Vocabulary is core to speech acquisition4. Children with difficulties in speech sound development often have difficulties with oral language and later reading and spelling disability2,5-8. Thus, speech, language, reading, and spelling measures are highly correlated and often have common genetic associations9,10. Moreover, speech and other communication phenotypes follow a developmental trajectory, where some speech and language disorders resolve with age, whereas others persist; genetic influences on the less easily resolved manifestations are generally stronger11,12. Because of the common genetic underpinnings and pathologic associations between speech and other communication phenotypes, it is conceivable that genetic replication interweaves with different communication measures. Of 7 known GWASs, none overlap in their top results (at p<5×10−5, see Table 3 13), because they only focused on a limited number of phenotypes, or these measures were assessed at different ages (either pre-school or early school-age) 13-20, they only present results from one or a few measures and/or a binary trait; thus, the complexity of shared genetic influences is poorly understood. Most have not focused on children with SSD, particularly measures of articulation. Our sample represents a unique set of deeply phenotyped individuals with information on 6 domains that form the core of speech and language.

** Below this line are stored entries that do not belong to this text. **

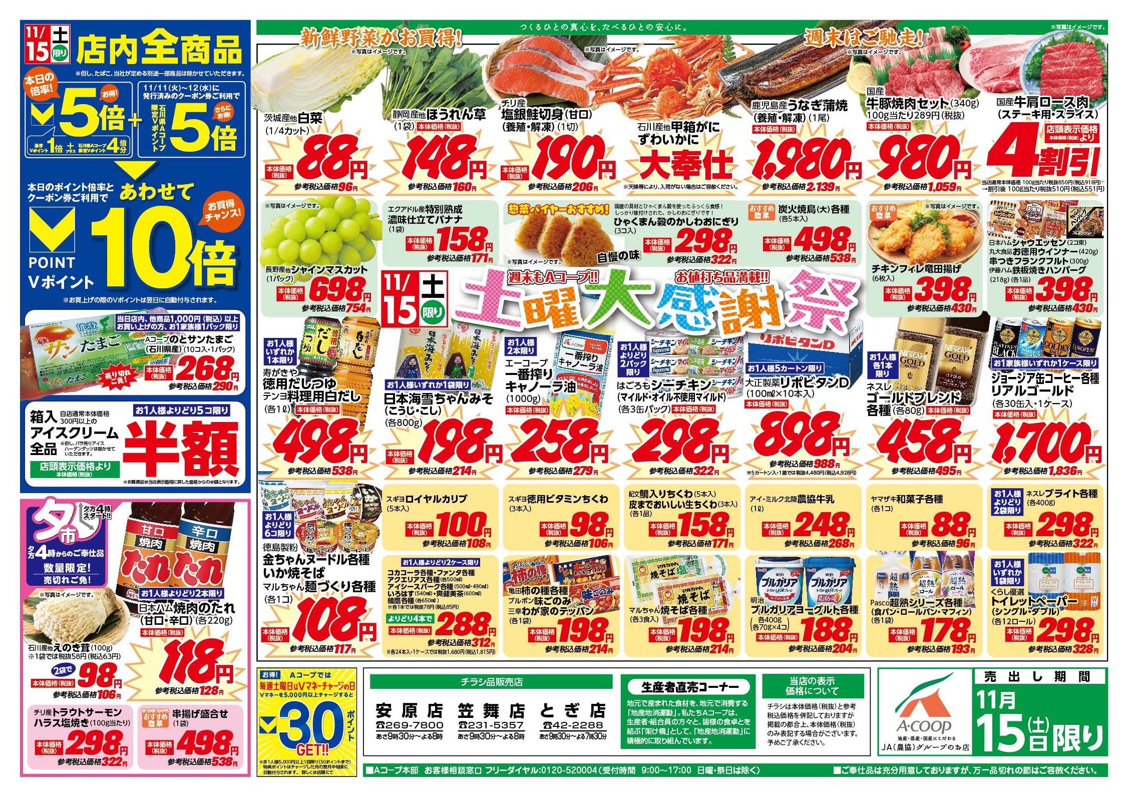 Aコープ笠舞店2025-11-15更新
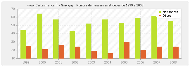 - Gravigny en 2008 : 55 naissances et 24 décès
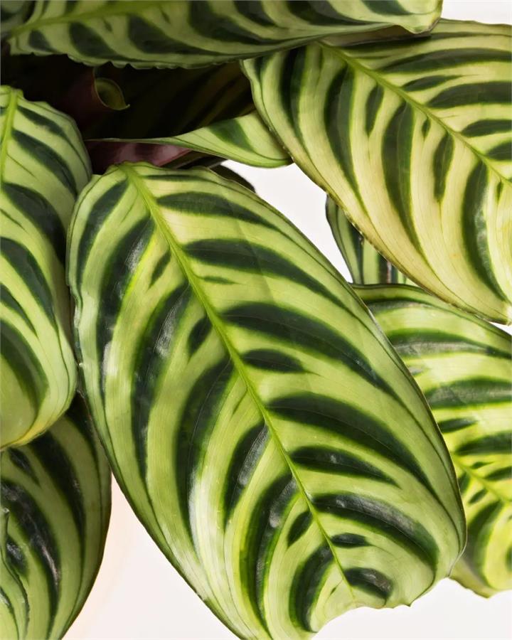 Featuring striking, striped foliage, the botanical name of the “Fishbone Plant” is Ctenanthe Burle-Marxii [pronounced “ten-AN-thee”]. This houseplant has a fascinating appearance and is perfect for rooms without direct sun. As evergreen perennials, the leaves remain on display throughout the year.
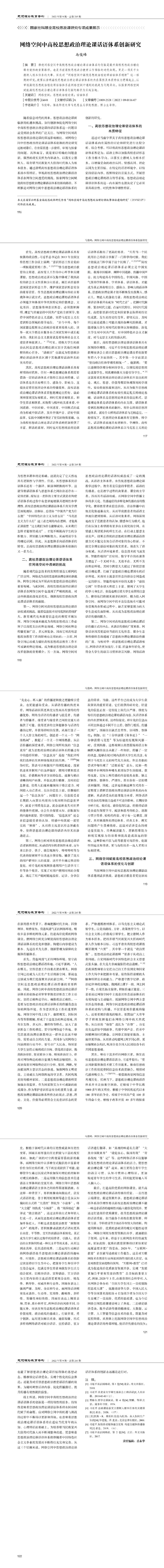 《思想理论教育导刊》2022年第9期·总第285期新葡萄8883官网AMG马俊峰教授文章《网络空间中高校思想政治理论课话语体系创新研究》。

SSD are likely due to deficits in both motor ability and broader neural dysfunction. While motor deficits contribute to problems in speech production, abnormalities in other neural systems likely influence formation of phonological representation, which is common to SSD as well as reading and language impairment. We hypothesize that genetic regulation of these neural pathways is associated with variation common to speech, language, reading, and spelling ability. We conducted a GWAS in the Cleveland Family Speech and Reading Study (CFSRS), a cohort ascertained through a proband with SSD. We also conducted a methylome-wide study (i.e. MWAS) to determine the functional implications of these genetic associations, and replicated findings in a population-based cohort. We utilized a family-based cohort as our discovery sample because we hypothesized it would be enriched for disease-associated variants21,22. In these analyses, we identified new candidate genes for correlated communication endophenotypes, and bioinformatic annotation of these loci revealed that regulation of neural pathways is associated with variation in these measures.
SUBJECTS AND METHODS
Subject ascertainment – Cleveland Family Speech and Reading Study
From the Cleveland Family Speech and Reading Study (CFSRS)23-28, we examined 435 individuals from 148 families who had both DNA and endophenotype data available (Table 1). As previously described, families were ascertained through a proband with SSD identified from caseloads of speech-language pathologists in the Greater Cleveland area and referred to the study; detailed inclusion criteria are provided in the Supplemental Methods. Diagnosis of CAS was confirmed by an experienced licensed speech-language pathologist upon enrollment into the study. Socioeconomic status was determined at the initial assessment based on parent education levels and occupations using the Hollingshead Four Factor Index of Social Class29. This study was approved by the Institutional Review Board of Case Medical Center and University Hospitals and all parents provided informed consent and children older than 5 years provided assent.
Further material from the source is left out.